### Dataset content
***
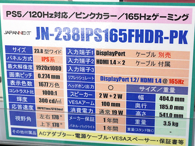 ピンクで統一された23.8インチゲーミングモニターがJAPANNEXTから
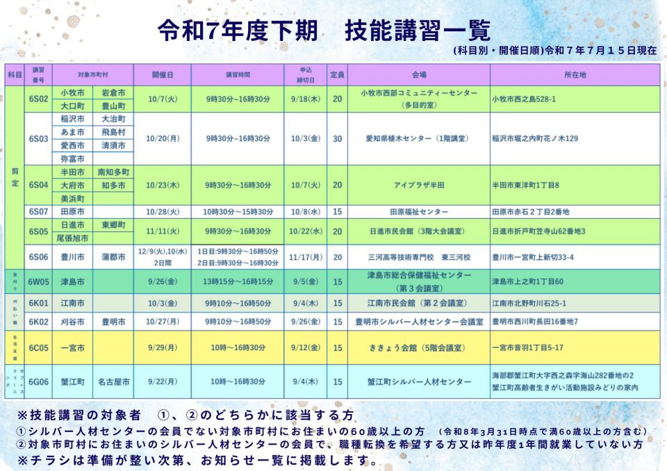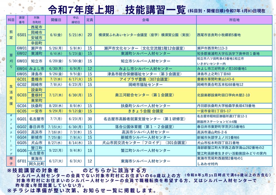 令和7年度上期 技能講習一覧
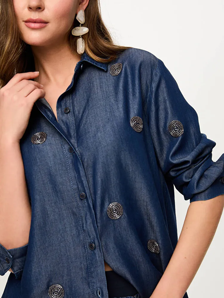 Boncuk Nakış Detaylı Lyocelli Jean Gömlek S26JGM003
***
### Exercise objective
The task requires restating verbatim the lines from the one that holds "令和7年度上期 技能講習一覧" through the end of the listing, both ends counted, and no pictures.

### Written reply
 令和7年度上期 技能講習一覧
 Boncuk Nakış Detaylı Lyocelli Jean Gömlek S26JGM003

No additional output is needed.